Problem description - Leaving out every picture, output the records below exactly as they are.

Stored entries -

/---

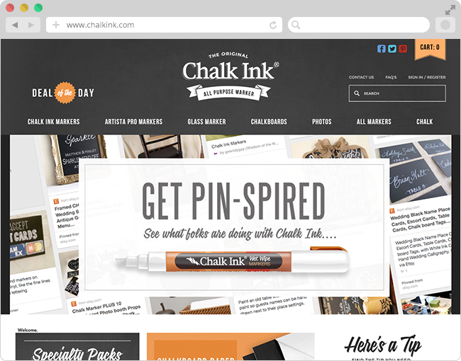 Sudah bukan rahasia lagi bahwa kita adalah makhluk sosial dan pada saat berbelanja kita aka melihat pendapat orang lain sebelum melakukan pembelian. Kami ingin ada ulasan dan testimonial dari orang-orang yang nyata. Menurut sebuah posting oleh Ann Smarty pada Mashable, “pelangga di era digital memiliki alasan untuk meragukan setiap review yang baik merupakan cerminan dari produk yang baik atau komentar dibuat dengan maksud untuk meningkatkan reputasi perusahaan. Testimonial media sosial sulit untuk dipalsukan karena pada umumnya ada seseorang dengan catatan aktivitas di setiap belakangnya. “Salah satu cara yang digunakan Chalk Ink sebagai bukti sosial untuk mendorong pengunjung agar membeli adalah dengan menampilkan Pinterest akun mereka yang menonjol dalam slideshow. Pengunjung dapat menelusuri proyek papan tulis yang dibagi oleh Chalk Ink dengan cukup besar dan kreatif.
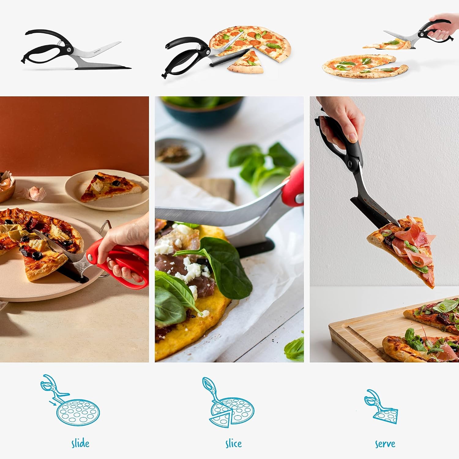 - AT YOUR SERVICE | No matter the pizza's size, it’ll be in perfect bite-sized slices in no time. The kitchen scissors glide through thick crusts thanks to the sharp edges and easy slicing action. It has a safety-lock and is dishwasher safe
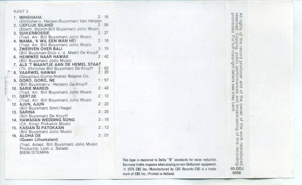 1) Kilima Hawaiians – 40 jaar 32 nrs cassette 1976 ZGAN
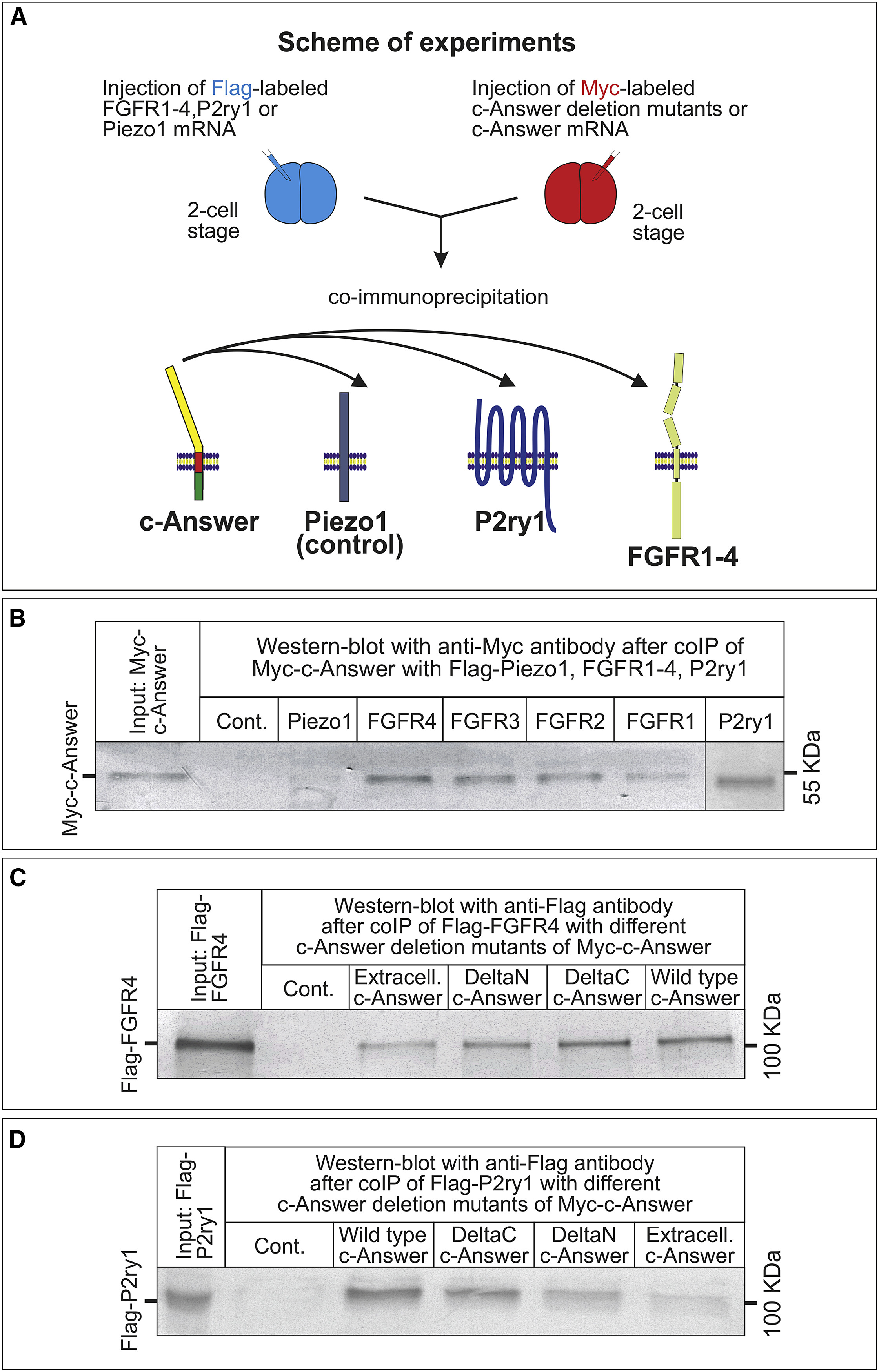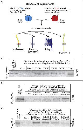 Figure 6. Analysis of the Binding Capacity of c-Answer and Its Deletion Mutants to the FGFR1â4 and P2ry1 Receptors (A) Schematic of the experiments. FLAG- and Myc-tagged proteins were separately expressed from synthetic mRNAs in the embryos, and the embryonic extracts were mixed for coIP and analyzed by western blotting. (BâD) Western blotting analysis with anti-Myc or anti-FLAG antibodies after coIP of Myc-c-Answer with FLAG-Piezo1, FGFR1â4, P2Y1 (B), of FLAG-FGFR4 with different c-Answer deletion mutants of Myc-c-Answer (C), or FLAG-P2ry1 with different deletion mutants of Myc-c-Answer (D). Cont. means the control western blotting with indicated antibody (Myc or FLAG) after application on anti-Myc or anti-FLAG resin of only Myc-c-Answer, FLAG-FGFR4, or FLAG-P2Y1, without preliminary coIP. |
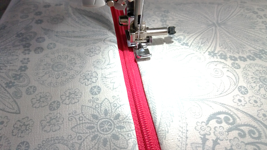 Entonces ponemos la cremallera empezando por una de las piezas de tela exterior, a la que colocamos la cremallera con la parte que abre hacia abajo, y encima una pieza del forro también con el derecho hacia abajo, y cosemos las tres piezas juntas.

\---

Written answer -
 Sudah bukan rahasia lagi bahwa kita adalah makhluk sosial dan pada saat berbelanja kita aka melihat pendapat orang lain sebelum melakukan pembelian. Kami ingin ada ulasan dan testimonial dari orang-orang yang nyata. Menurut sebuah posting oleh Ann Smarty pada Mashable, “pelangga di era digital memiliki alasan untuk meragukan setiap review yang baik merupakan cerminan dari produk yang baik atau komentar dibuat dengan maksud untuk meningkatkan reputasi perusahaan. Testimonial media sosial sulit untuk dipalsukan karena pada umumnya ada seseorang dengan catatan aktivitas di setiap belakangnya. “Salah satu cara yang digunakan Chalk Ink sebagai bukti sosial untuk mendorong pengunjung agar membeli adalah dengan menampilkan Pinterest akun mereka yang menonjol dalam slideshow. Pengunjung dapat menelusuri proyek papan tulis yang dibagi oleh Chalk Ink dengan cukup besar dan kreatif.
 - AT YOUR SERVICE | No matter the pizza's size, it’ll be in perfect bite-sized slices in no time. The kitchen scissors glide through thick crusts thanks to the sharp edges and easy slicing action. It has a safety-lock and is dishwasher safe
 1) Kilima Hawaiians – 40 jaar 32 nrs cassette 1976 ZGAN
 Figure 6. Analysis of the Binding Capacity of c-Answer and Its Deletion Mutants to the FGFR1â4 and P2ry1 Receptors (A) Schematic of the experiments. FLAG- and Myc-tagged proteins were separately expressed from synthetic mRNAs in the embryos, and the embryonic extracts were mixed for coIP and analyzed by western blotting. (BâD) Western blotting analysis with anti-Myc or anti-FLAG antibodies after coIP of Myc-c-Answer with FLAG-Piezo1, FGFR1â4, P2Y1 (B), of FLAG-FGFR4 with different c-Answer deletion mutants of Myc-c-Answer (C), or FLAG-P2ry1 with different deletion mutants of Myc-c-Answer (D). Cont. means the control western blotting with indicated antibody (Myc or FLAG) after application on anti-Myc or anti-FLAG resin of only Myc-c-Answer, FLAG-FGFR4, or FLAG-P2Y1, without preliminary coIP. |
 Entonces ponemos la cremallera empezando por una de las piezas de tela exterior, a la que colocamos la cremallera con la parte que abre hacia abajo, y encima una pieza del forro también con el derecho hacia abajo, y cosemos las tres piezas juntas.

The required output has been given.